Consistent differences among species’ spectral signatures confirms that we can use hyperspectral data to discriminate among different fish species, as demonstrated with pacus and piranhas as a proof-of-concept. Species generally differed from one another in their spectral signatures in accordance with changes to either spectral shape and/or amplitude. The application of this method to different aspects of biodiversity and natural history research is considerable, as spectra can be used to: (1) rapidly assess lineage diversity along field transects, (2) act as a ‘first-pass’ screening method for new species delimitation, and as (3) a potential means for assessing species en masse, e.g., using remote sensing coupled with machine learning as a tool for better management of ornamental fish exportation. Moreover, since the basis of a lineage’s spectral signature relates to phenotypic aspects of scale morphology and pigmentation37,38,39,40,41, this method serves as rapid, morphology-based means of assessing biodiversity like how DNA barcoding complements other molecular methods in phylogenetics, population demography, and community ecology. With biodiversity losses at an all-time high, we believe that spectral characterization of distinct lineages will aid traditional morphological taxonomy and molecular methods of surveying biodiversity.

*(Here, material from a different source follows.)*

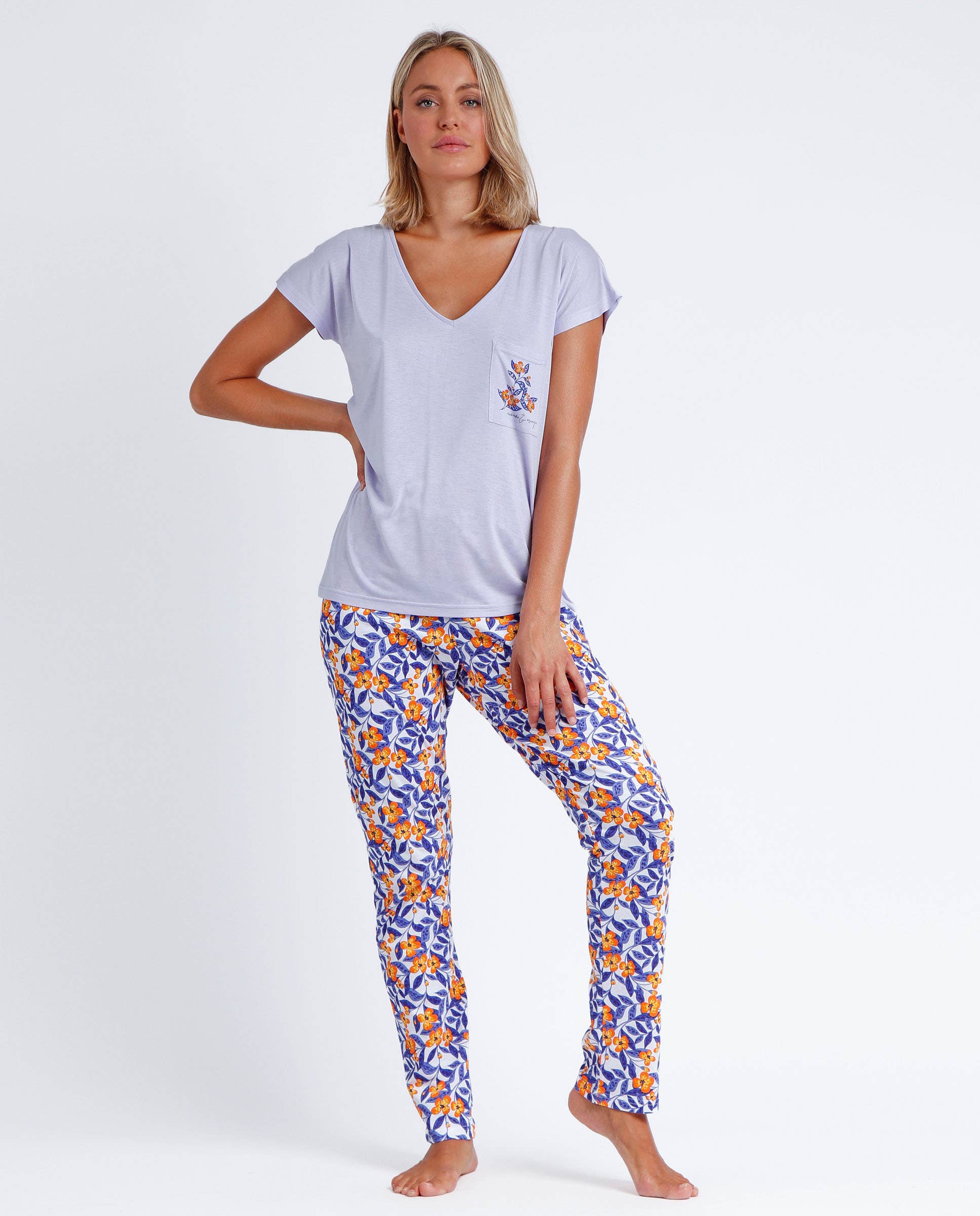 ADMAS GARDEN Pijama Manga Corta Mauve & Orange para Mujer<br><br>* Pijama de punto de algodón, de manga corta, con cuello pico y pantalón largo.<br>* Camiseta de punto liso, de color malva, con dibujo estampado, personalizada de la marca Admas.<br>* Pantalón de punto estampado con cinturilla ajustable.<br>* Tejido suave al tacto.<br>* Diseño exclusivo de Admas realizado por Aznar Innova.<br><br>CÓMO CUIDARME<br>Para obtener mejores resultados, lavar a máquina según las instrucciones de la etiqueta<br>Lavar a máquina máximo 30 grados<br>No usar lejía <br>Lavar y planchar del revés<br><br>SOBRE MI<br>Camiseta: 100% viscosa<br>Pantalón: 50% algodón, 50% viscosa

We also highlight differences in the spectra within lineages that may be of interest to taxonomists: Myloplus schomburgkii, for example, appears to harbor several distinct lineages that equate with different rivers across their large range. This correlates with observations on the ecological and phenotypic differences among populations of M. schomburgkii, as well as documented differences in the population genetics of this species complex42. In accordance with the findings of Machado et al.30, we document distinctive M. schomburgkii lineages from the Xingu River and Araguaia Rivers, which are in turn distinctive from an Orinoco/Guiana Shield lineage. This method’s ability to discriminate among juveniles and adults, as well as tease apart morphological patterns among species complexes, will aid taxonomic descriptions and re-appraisals in addressing ontogenetic changes within certain lineages, an issue that continues to plague morpho-taxonomy.

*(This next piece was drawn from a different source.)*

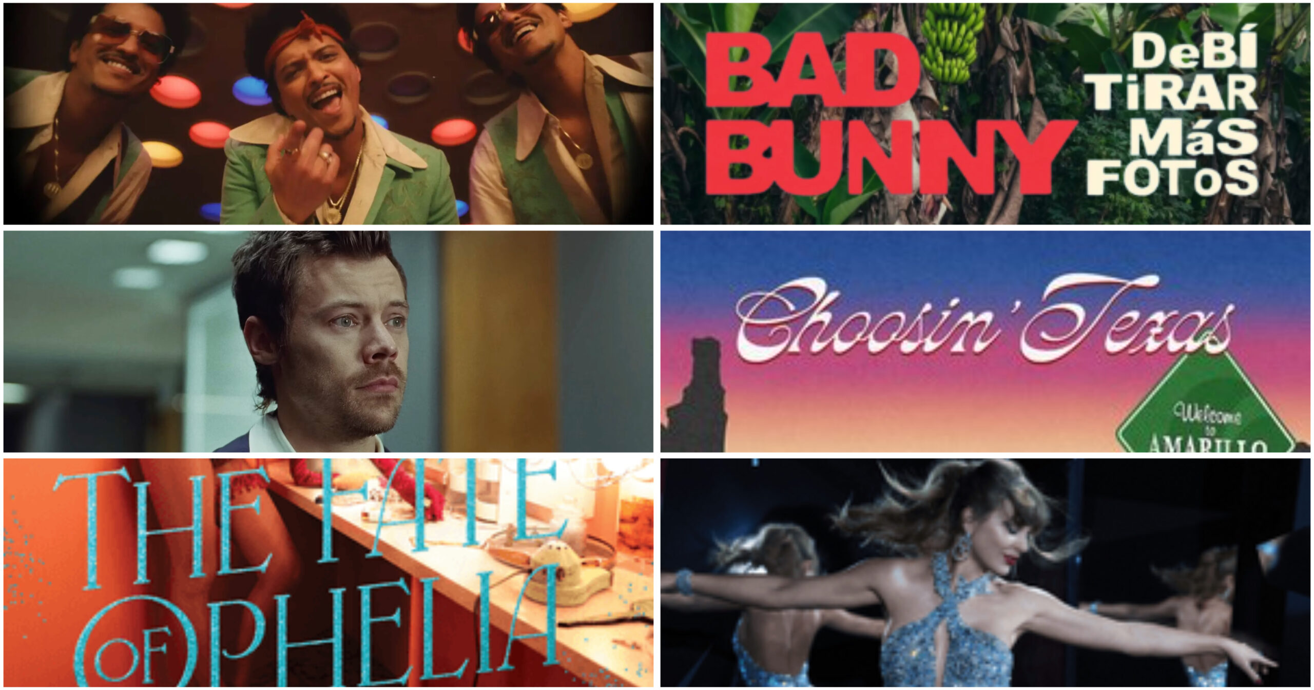 Beginning with this year’s second chart, when Taylor Swift’s “The Fate of Ophelia” returned to supplement its 2025 run, no song in 2026 has spent more than two consecutive weeks at No. 1. “Ophelia” held for a second-straight week (and tenth total) on Jan. 17 before being replaced by Bruno Mars’ “I Just Might,” the first single from his new album The Romantic. “Might” spent two weeks at the top before being succeeded in February by the consecutive one-week runs of Harry Styles’ “Aperture,” Ella Langley’s “Choosin’ Texas,” Bad Bunny’s “DtMF,” and Swift (again) with “Opalite.”

What defines the spectral signatures of a given species? It appears as if phylogenetic relatedness does not overtly contribute to spectral signature variation as much as physiological or ecological differences in habitat may; there are differing selective regimes acting on the visual ecology of fishes living in different microhabitats43 or in rivers with different water types: blackwater, whitewater, and clearwater (Figure S7). Convergence along biologically relevant regions of the visual light curve in different species suggests a burgeoning area of research for those interested in camouflage24,25, crypsis44, intra- and/or inter-specific signaling45,46. As such, we demonstrate that although individuals are near identical at distinct size classes for example, we see changes to the spectra of species as they navigate ontogeny (Fig. 6). It is difficult to distinguish among the sexes in many Neotropical fishes, but it is quite possible, especially given seasonal dimorphism in fishes like pacus47, that spectral signatures can be used to investigate visual evolution and signaling as they pertain to sexual selection in fishes.

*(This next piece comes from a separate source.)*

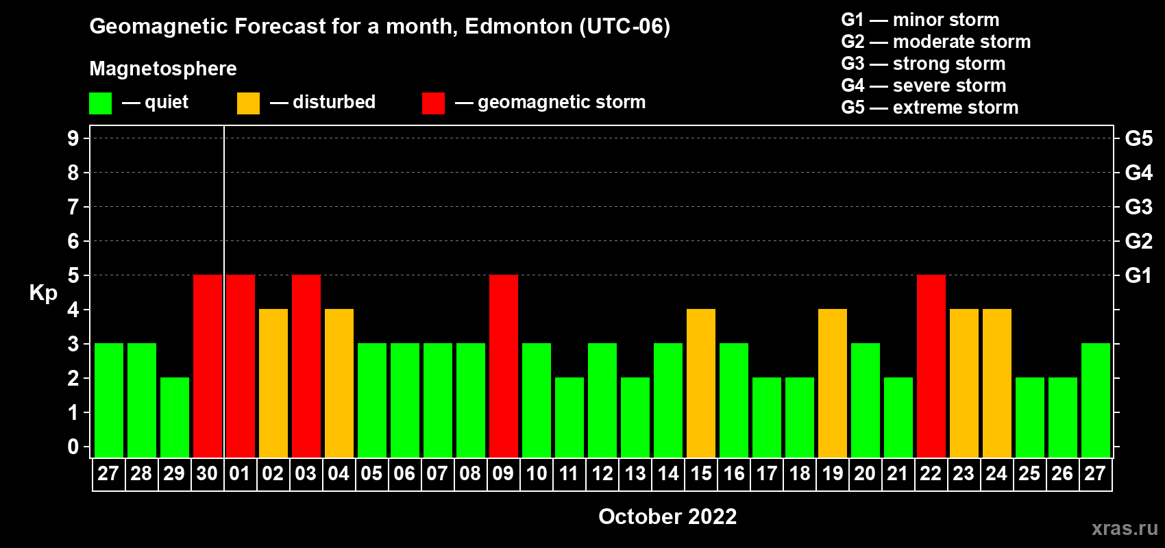 Geomagnetic storm forecast in Edmonton for Sep 27, 2022

We live in a time of biodiversity crisis, particularly when institutional funding for conservation and environmental sustainability are limited. Lean times require prioritization of resources and before anything else, an accurate, comprehensive catalog of our living resources48. One of the concerns with DNA barcoding technologies is that they can precipitate a scenario where biodiversity is quantified but never described (but see Packer et al.7). Measurement of spectral signatures offers a rapid, intuitive method for quantifying phenotypic diversity in the field or lab and furthers inclusivity, digitization, and coordination in natural history collections, and can help morphological taxonomists delineate cryptic lineages49,50,51,52. In particular, the spectra do not serve as an alternative to or discourage the collection of physical specimens, but instead should help clarify which specimens might be the most unique48. Considering that not all taxonomic efforts take place immediately after field expeditions, but in many cases, years or decades later when specimens are re-examined53; our next effort is to determine how the preservation process alters the spectral signature of specimens. Therefore, we propose that reconciling historical museum collections with cutting-edge remote sensing efforts will streamline and expand the international scientific community’s ability to assess biodiversity and prioritize taxonomic efforts along shorter timescales.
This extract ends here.